-- Source material follows --

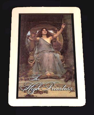 15 Jan 2008 Over the past few days there has been quite a lively debate on the Tarot Collectors Forum about a particular type of tarot deck, which one could describe as a tribute or perhaps attributive deck. Here the creator of the tarot takes the artwork of well known artists and tries to find aspects of their paintings which seem to echo or resonate with the tarot arcana. Of course, these artists were not intending to reflect tarot when they made their paintings, and this is essentially a recontextualising of their work as tarot images. It is an interesting exercise, though the results can be rather variable. It is not too difficult to find images paralleling the Emperor or Empress, but rather more difficult to find a Hanged man or Temperance. Yesterday by good fortune two examples of such decks arrived. One of these worked with the paintings of the Pre-Raphaelite artist John William Waterhouse. The creator of this deck, Endré Rousseaux, has mounted these images onto substantial 3 mm plywood and gilded the edges to produce some rather unusual wooden 'cards'. A year ago I bought previous set of these wooden tarot on the theme of Halloween imagery.
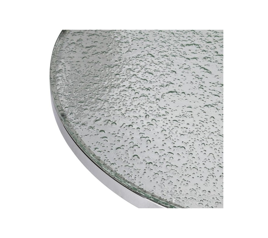 Luxusný glamour okrúhly chrómový konferenčný stolík Auron so sklenenou doskou s bublinkovým efektom 93 cm
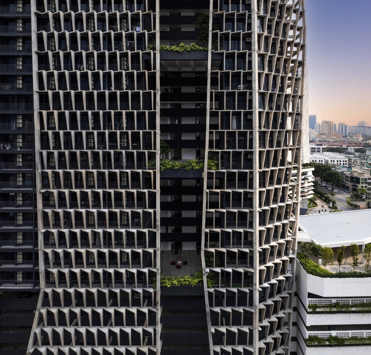 The architectural vision draws inspiration from the textured stone facade. The tower facade features around creating a dynamic interplay of light, shadow and materiality. The combination of angles, finishes and textures in the buildings facade design creates an interplay that captures the changing reflections of sunlight throughout the day.
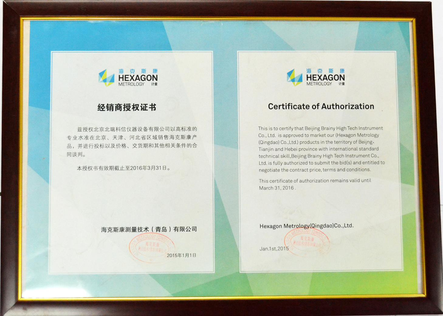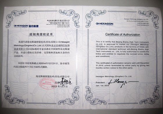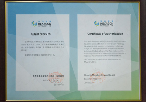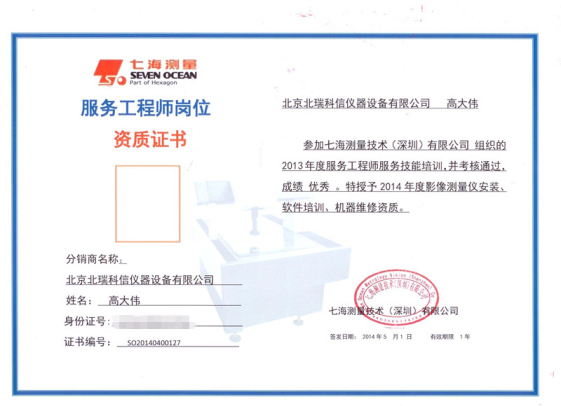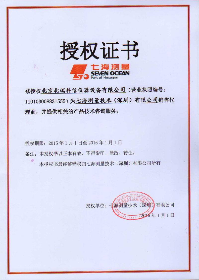 • 2015年七海影像測(cè)量?jī)x授權(quán)證書
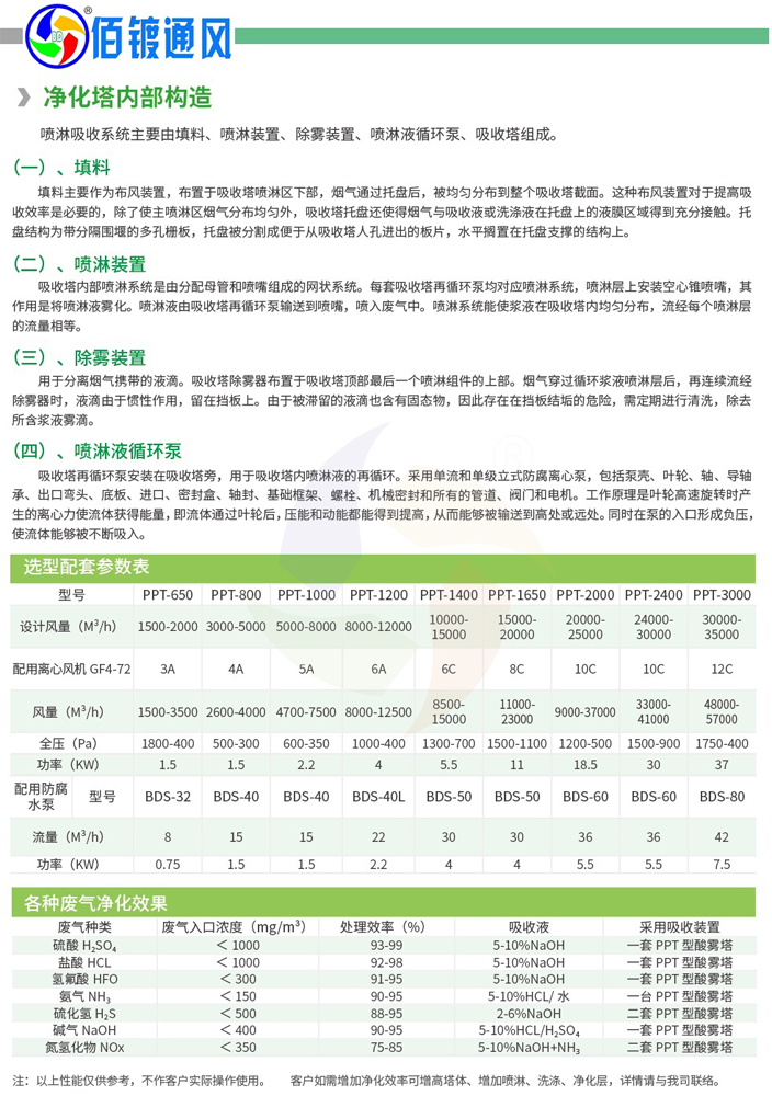 2、净化塔净化效率高:酸(碱)雾废气净化塔采用二级逆向喷淋,填料比表面积大,由试验研究确定的气比保证了性能稳定,对各种浓度的酸性(或碱性)废气净化效率均可达
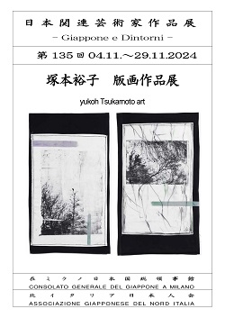 La mostra rimarrà in programmazione fino al 29 novembre, e si potrà visitare da lunedì a venerdì nell’orario di apertura del Consolato (9.15-12.15 /13.30 – 16.30). 在ミラノ総領事館が北イタリア日本人会と共催で行っている『日本関連芸術家作品展 – Giappone e Dintorni』の一環として、塚本裕子氏の作品(主にオリジナルモノタイプ版画*)を総領事館の受付ホールに展示しています。出展者の、塚本裕子氏は自分のアート・人生観を以下の通り説明します。

-- Source material concluded --

What you are asked to do
From the first line of the listing above, repeat every line through the one holding "Luxusný glamour okrúhly". Both ends count, and pictures stay out.

Exercise answer
 15 Jan 2008 Over the past few days there has been quite a lively debate on the Tarot Collectors Forum about a particular type of tarot deck, which one could describe as a tribute or perhaps attributive deck. Here the creator of the tarot takes the artwork of well known artists and tries to find aspects of their paintings which seem to echo or resonate with the tarot arcana. Of course, these artists were not intending to reflect tarot when they made their paintings, and this is essentially a recontextualising of their work as tarot images. It is an interesting exercise, though the results can be rather variable. It is not too difficult to find images paralleling the Emperor or Empress, but rather more difficult to find a Hanged man or Temperance. Yesterday by good fortune two examples of such decks arrived. One of these worked with the paintings of the Pre-Raphaelite artist John William Waterhouse. The creator of this deck, Endré Rousseaux, has mounted these images onto substantial 3 mm plywood and gilded the edges to produce some rather unusual wooden 'cards'. A year ago I bought previous set of these wooden tarot on the theme of Halloween imagery.
 Luxusný glamour okrúhly chrómový konferenčný stolík Auron so sklenenou doskou s bublinkovým efektom 93 cm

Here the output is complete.